President Trump has expressed dissatisfaction with the pace of Fed rate cuts, adding to uncertainty about Fed leadership and policy direction.

  • The US president has said that the Fed "must substantially lower interest rates now."
  • While the president said that removing the Fed chief is "highly unlikely," he also said he didn't "rule out anything."
  • The US president's decision to fire the Bureau of Labor Statistics (BLS) commissioner following a disappointing July labor report underlined his willingness to challenge the autonomy of traditionally independent institutions.

But the chances of a direct challenge to the Fed's autonomy are unlikely, in our view.

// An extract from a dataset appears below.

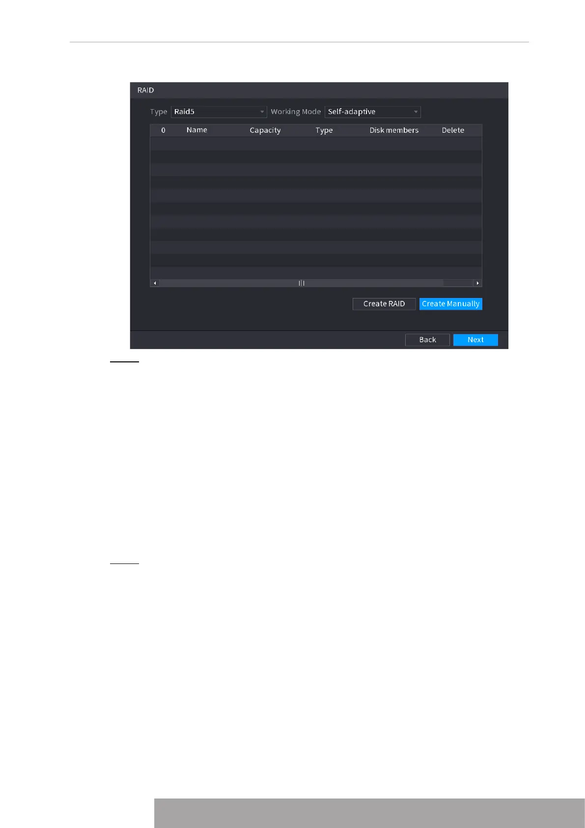 If there is no existing RAID and no hot spare disk, the system will create RAID5
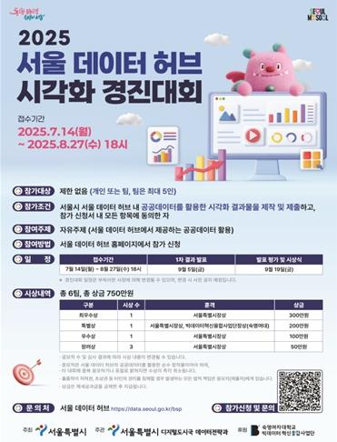 서울시는 공공데이터 활용 저변 확대와 시민 참여 활성화를 위해 오는 9월 19일 ‘서울 데이터 허브’의 공공데이터와 서비스를 이용한 첫 시각화 경진대회인'2025 서울 데이터 허브 시각화 경진대회'를 개최한다고 밝혔다.

  • A decision to fire the Fed chair would likely cause a backlash in financial markets, calling into question the long-term outlook for price stability and adding a risk premium to US Treasuries.
  • Our view is that the White House would be unwilling to take this risk.
  • Removing Powell before the end of his term in May 2026 would face legal challenges.

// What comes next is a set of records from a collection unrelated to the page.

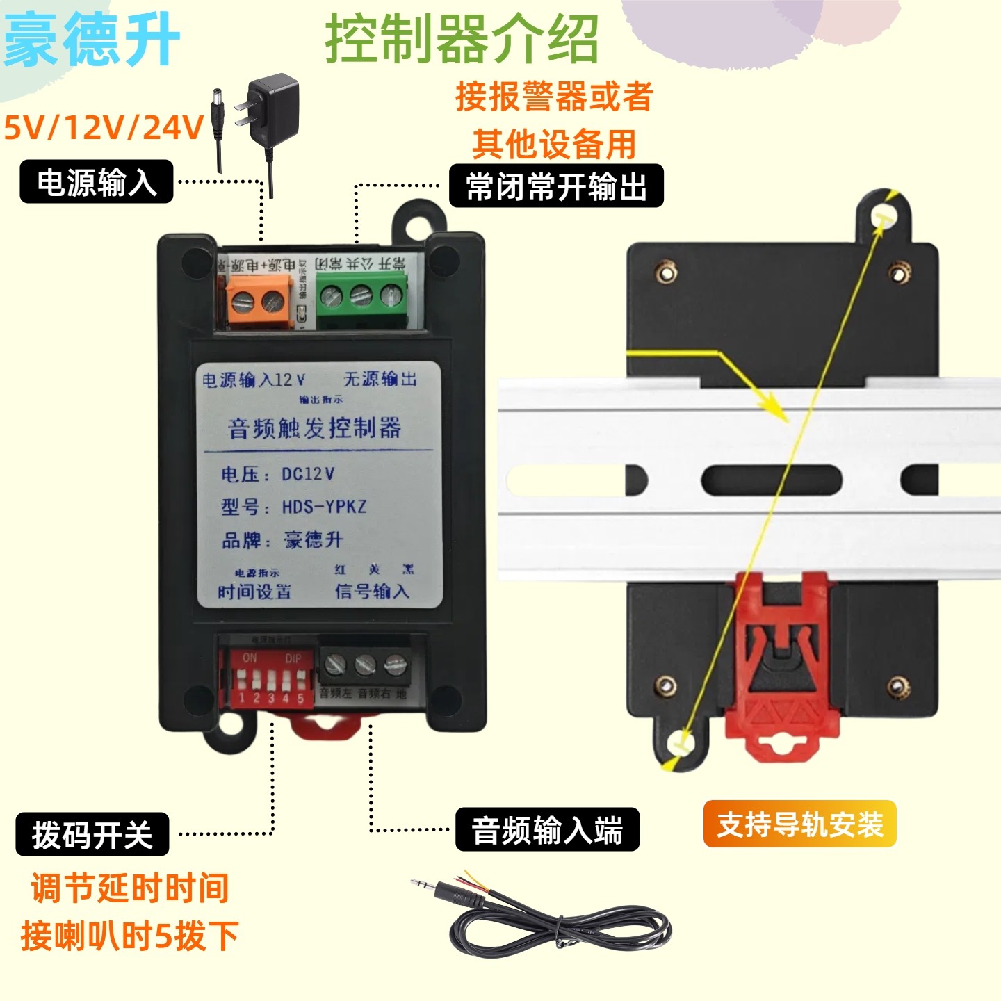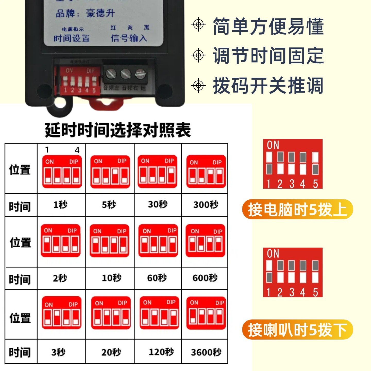 5V12V24V电脑手机音频信号触发控制器开关延时语音喇叭继电器模块
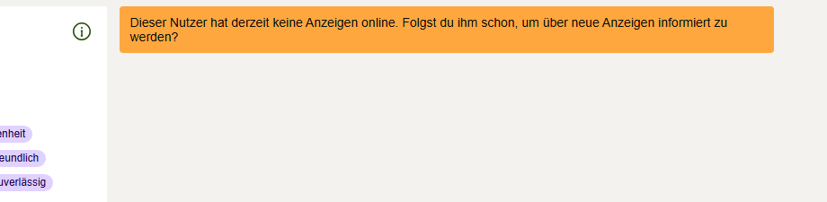 Das Problem tritt heute erneut auf. Die Plattform ist im Moment extrem inkonsistent: Über „Meine Anzeigen“ werden die Inserate korrekt angezeigt, aber im öffentlichen Profil erscheint „Dieser Nutzer hat keine Anzeigen“.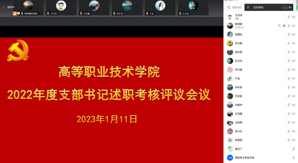 为督促基层党建工作责任落实、推动党支部工作全面进步,1月11日上午,高等职业技术学院以线上方式召开2022年度党支部书记抓党建工作述职考评会议。学院党委委员及各党支部书记、副书记、组织委员、教职工党员代表等共25人参加会议。会议由学院党委副书记申长奎主持。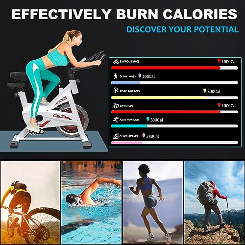 • 🚴【EXERCISE BIKE FOR HOME 】Heavy-duty steel frame of the exercise bike guarantee the stability while cycling.It supports up to 300 lbs max weight.Infinite resistance system and Belt Drive System can ensure that you are in a stable state during exercise.Provide you with a smooth and silent riding experience.Suitable for all fitness levels.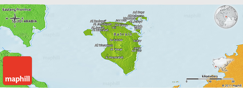 Physical map illustrates the mountains, lowlands, oceans, lakes and rivers and other physical landscape features of Bahrain. Differences in land elevations relative to the sea level are represented by color.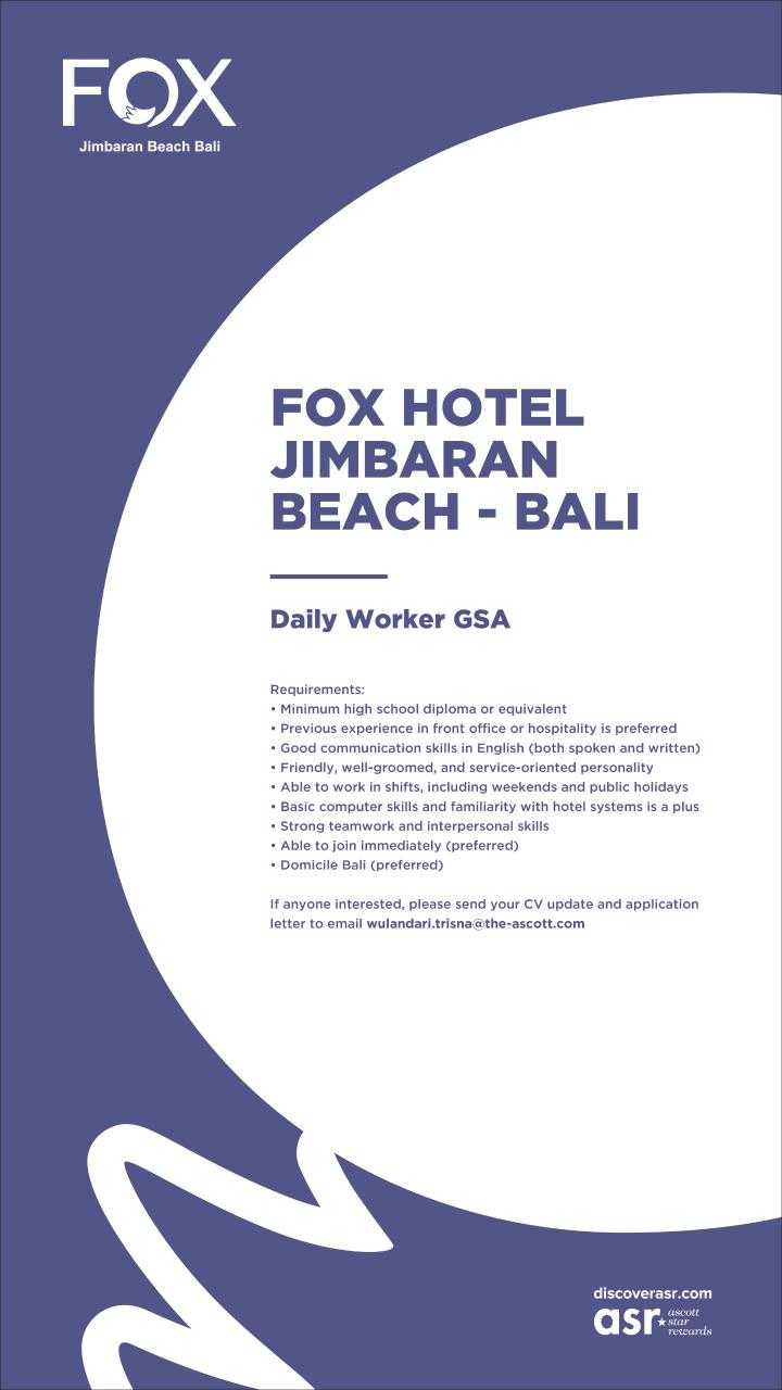 If anyone interested, please send your CV update and application letter to email wulandari.trisna@the-ascott.com

So, we do not expect the appeal of US Treasuries to be undermined by worries over Fed independence, and we continue to view quality bonds as attractive.

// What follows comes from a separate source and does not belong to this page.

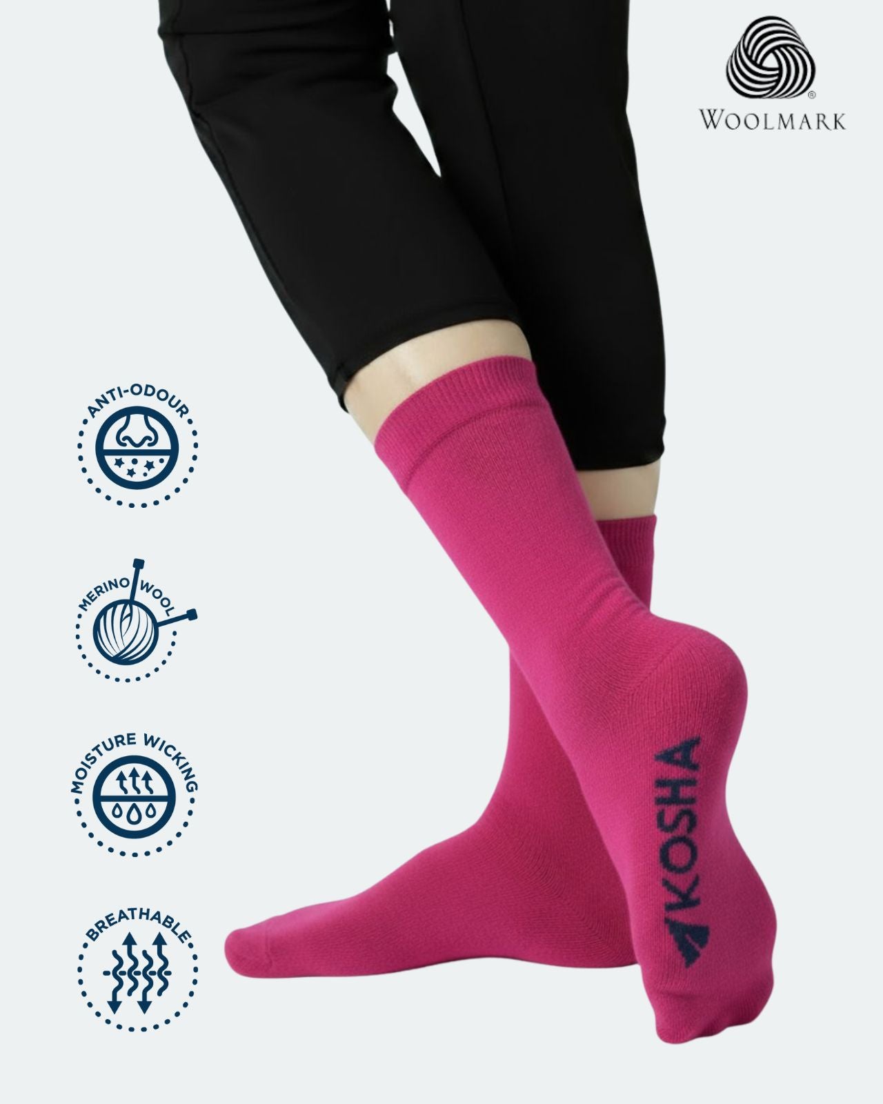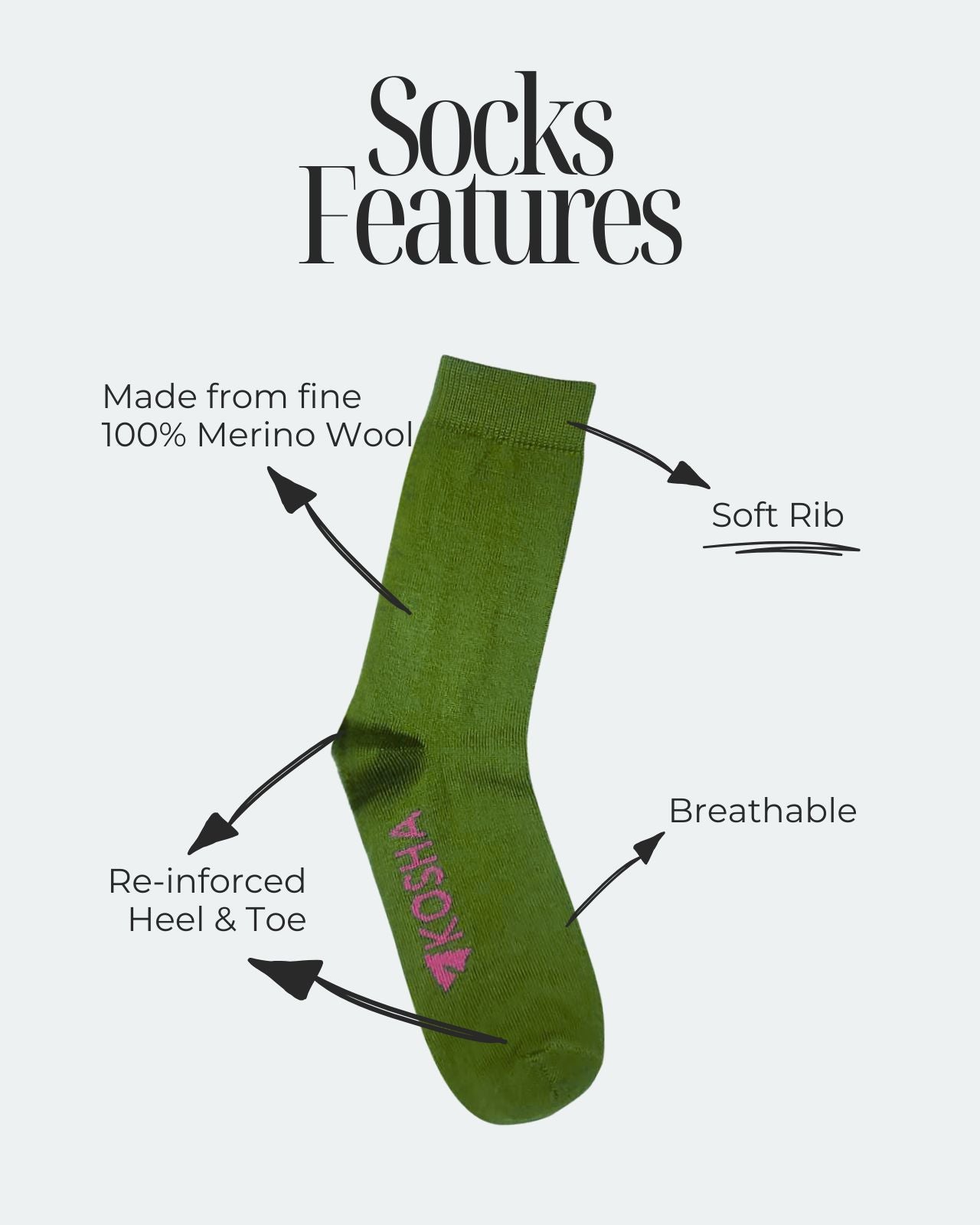 Keep your feet warm and cozy all season long with our classic merino wool socks for women. Crafted from superior quality wool, these temperature-regulating wool socks for women are lightweight, breathable, and naturally moisture-wicking, ensuring your feet stay fresh and odour-free for longer. Perfect as liner socks on winter hikes, they add an extra layer of warmth inside technical footwear, while also doubling up as seamless merino wool ladies’ socks for everyday comfort. Whether you’re at work, pairing them with gloves, beanies, or mufflers, or slipping into them for winter workouts, strolls, or even winding down at night, these soft merino crew socks for women deliver unmatched comfort. Compact and easy to pack, they also make the perfect travel-friendly wool socks for women, ready to support every adventure.

  • With Fed decisions still being guided by economic data, rather than political pressure, we expect rates to come down by 100 basis points by June 2026, especially following the weak jobs data for July.
  • This will further erode the value of cash deposits, adding to the appeal of the durable income offered by quality bonds, including US Treasuries, which we expect to retain their role as the linchpin of the global financial system.

New this week

Speaking at Jackson Hole, ECB President Christine Lagarde called central bank independence “vital” for stability, warning that undermining autonomy risks making monetary policy “dysfunctional.” While Powell did not address the issue, President Trump renewed his criticism, saying, “We call him too late for a reason,” and reiterated his threat to fire Fed Governor Lisa Cook over a separate matter.

Did you know?

  • While the president has the authority to initiate removal proceedings “for cause” against a Federal Reserve governor, the legal standards and their applicability to the chair remain subject to interpretation. No Fed governor has ever been sacked “for cause.” The framework for Fed independence, established by the 1951 Treasury-Fed accord, has endured previous political challenges.
  • A move to dismiss the Fed chair could raise questions about the long-term credibility of US monetary policy and the Fed's independence, which has historically been viewed as a key pillar of the financial system.

Investment view

High grade and investment grade bonds offer an attractive risk-reward proposition, in our view. We do not expect risks to the Fed's independence to change this. With rate cuts likely to resume later in the year, we believe quality fixed income offers a way to lock in attractive yields.